At the end of the day there are two questions I ask myself: Did I learn everything I could from that situation? Did I love to the best of my capacity and ability today in spite of the circumstances? Sometimes the answer is yes to both questions. Sometimes it is a yes and a no. Other times, with much guilt and embarrassment, the answer is “no” to both. But I am trying to get a grasp of this thing called “Being Human.” I didn’t read the manual before arriving here on earth. I’ve never been too sharp at taking tests. I don’t really retain much in my cerebral cortex either. So, had I read the manual I probably wouldn’t remember much of anything, except that the lessons require a lifetime of learning. This thing of being a human has an array of trickiness to it. Things sometimes just don’t make sense at all. There are a million senseless acts performed each day all over the place. We are being tested through every avenue: our relationships, our children, neighbors, family, friends, co-workers, strangers and the entire world. Even nature throws a curve ball at times.
Last night I tossed and turned while the clock waited for no one. It didn’t just stop so I could catch up…the hours went quickly and before I knew it sunrise was sneaking through the windows. I meditated, I read, I wrote, and I tried several times to close my eyes and just be in the moment. Being in the moment didn’t help. I kept recalling the past two events in the news with Michael Brown in Ferguson while Eric Garner’s words echoed, “I can’t breathe” in my heart. As much as I remain neutral through world news, politics and other mayhem I can’t help but question so many of my own choices and past decisions. With a heavy heart I allowed my higher self to answer those questions that I cannot comprehend. Humanity is shifting and there’s a wide division in its separation. It’s an ongoing battle that seems to bring even more questions in to our existence.
I return to my own awareness admitting that I have truly loved deeply. I have done the best I have known at the time. This is my ego being human rather than spiritual. When we start going back there is a monster that will always appear with regrets, shame, and guilt. And, it is usually in the middle of the night when there’s no one to talk to, to reach out to, other than God and all the stars.
Our humanity is being tested each and every day. I witness it constantly. It’s as if this time acceleration has affected the very core of our belief and faith. Why? I don’t know. That’s not one of those questions I ask myself every day. I can’t. I don’t want to go into the monstrous events of our world. I try to live in a happy bubble. When the bubble gets poked and emptied out I feel the depression creeping in like poison. I cannot hold my heart in place. I go to a place of darkness and anger. Last night I witnessed it with such intensity. I wish I could remember one single event from it but once daylight reached my face it was erased.

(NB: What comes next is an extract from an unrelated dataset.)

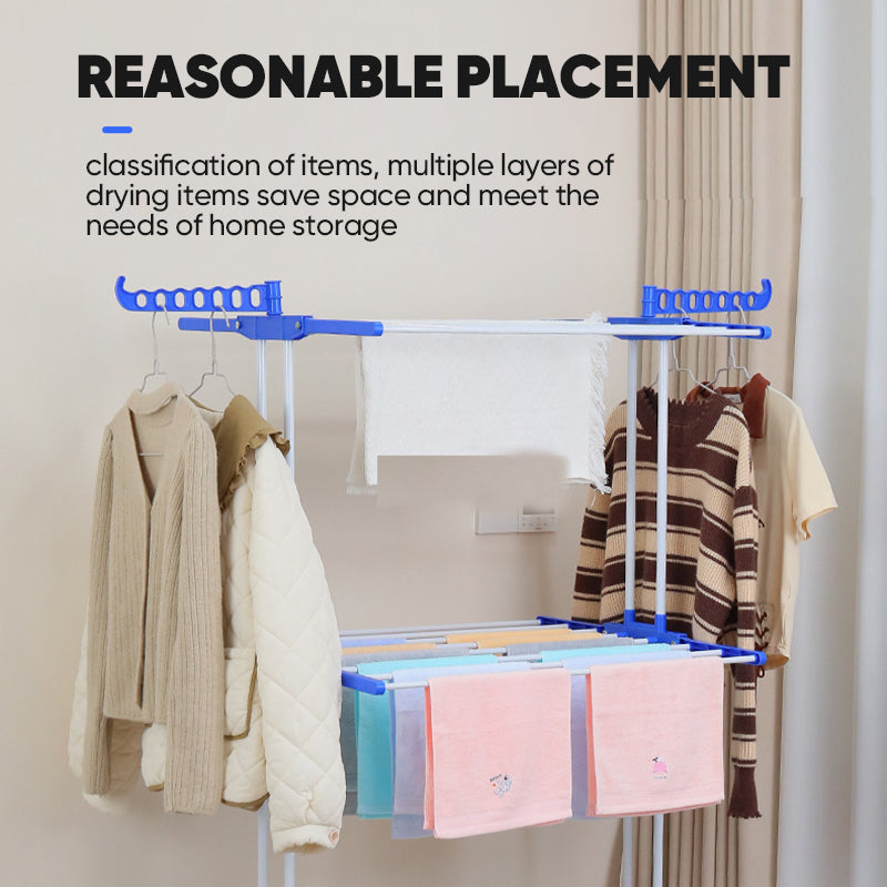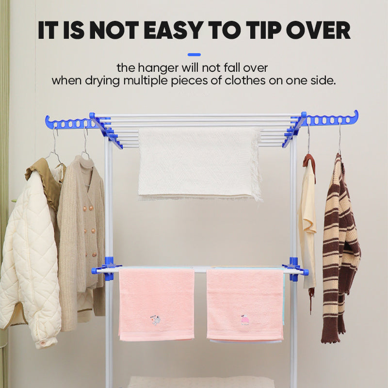 Side wings: The folding drying rack's two 360° rotating side wings have 7 windproof hook holes for hanging clothes, backpacks or umbrellas, providing plenty of space for your laundry to dry.

I am learning from every situation, even the events that are not directly in my path because everything that happens in our world, in our lives, is connected to one another. The distance between us is shorter than we think. What happens in your thoughts and consciousness is affected into the way you treat another. It becomes part of the ripple effect. I see it when a hurt or negative guest comes into my office. Their demeanor affects me. They leave the stagnant energy behind. Now imagine this in a mass conscious level with millions of people. It becomes war. It becomes hatred, bigotry, and death. We are all fighting a war with our egos. How we express it to the world determines how we love and find peace with each other.
I have to be more mindful to be able to answer those two questions with “yeses” every day. I cannot get sloppy with working through the difficult times. I must love fully, even during the most challenging moments of my relationships. I must learn to experience things even when they hurt, when they feel uncomfortable, and when they point back to me that I have screwed up (yet one more freaking time). Ego loves to twist and turn those moments. Ego teases me, “You suck at this humanity thing!”
As we go into this holiday season, I pray that we can consciously come together in peace. I send my loving thoughts and prayers to the universe in hopes that I can find the positive answers to those questions that don’t have answers as well. I wish you all love, compassion, kindness, joy, and the awareness that we are all in this together. It starts and ends with our connections and the choices we make while answering a divine purpose for our existence. Healing doesn’t begin to happen until we become aware of our lack of control.
Much love and light to all! We are all here for one another in one form or another.